What is the difference between different file systems?

File systems are a critical part of any operating system, as they provide the structure and logic needed to store, retrieve, and manage data on computer storage devices. At a basic level, a file system defines how data is arranged and accessed on a storage device. But file systems also include important functions like access control, scaling, redundancy, and file protection. Without a properly designed file system, an operating system would not be able to reliably access data as needed.

In this article, we will provide an overview and comparison of some of the most widely used file systems today across various operating systems and devices. We will look at general-purpose file systems like NTFS, FAT32, HFS+, and ext4, as well as specialized file systems like APFS and XFS. Understanding the key differences between file systems can help explain why certain file systems are better suited for certain use cases and devices.

FAT32

The FAT32 file system was introduced with Windows 95 in August 1996 (Wikipedia). It was developed jointly by Microsoft and MS-DOS creator Seattle Computer Products as an upgrade over the older FAT16 file system. FAT32 was designed to overcome limitations with FAT16, including improving support for larger hard drives (Wondershare).

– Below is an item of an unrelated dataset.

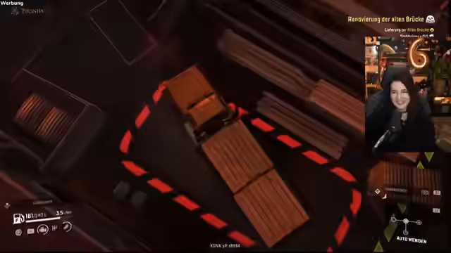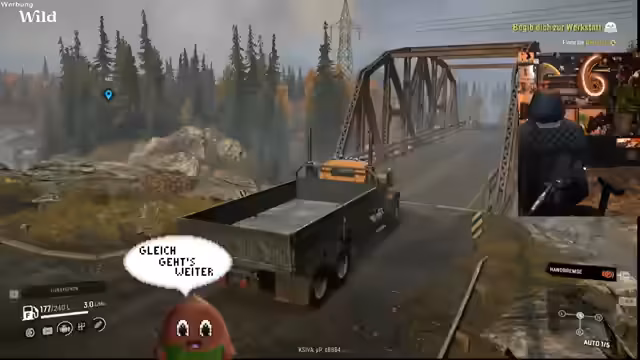 04:43:29Nach SnowRunner als gewonnenes Spiel startet der Stream direkt in die Mission zur Reparatur einer eingestürzten Brücke. Es wird ein geeignetes Fahrzeug gesucht und der Spieler muss einen kleinen Baum fällen, um den Weg freizumachen. Bei der Suche nach der Fracht wird die Steuerung als holprig beschrieben. Nachdem die Holzplannen gefunden sind, stoßen Probleme auf: Die Fracht kann nicht ohne Kran abgeladen werden. Der Streamer ist verwirrt über die Spielmechanik und muss erst das Menü aufrufen, um die Lieferung der Stahlträger für die Brücke zu aktivieren.

FAT32 became commonly used on Windows 95, 98, and Me operating systems. It offered advantages like backward compatibility with older FAT file systems. FAT32 also helped Windows 95 and 98 handle larger drives over 2 GB. However, FAT32 had a major disadvantage in its 4 GB file size limit. This made it unsuitable for very large drives or files. Still, FAT32’s high compatibility and ease of use made it the standard file system for many years on desktop PCs and consumer devices.

exFAT

exFAT was introduced in 2006 as an evolution of the older FAT32 file system. It was designed by Microsoft to be used on flash drives and other external storage devices where FAT32’s limitations become problematic. Unlike FAT32, exFAT lifts the 4 GB file size limit, allowing much larger files to be stored. The maximum volume size with exFAT is 128 PB, compared to 2 TB for FAT32. exFAT also uses less overhead than FAT32, making it more efficient for flash drives.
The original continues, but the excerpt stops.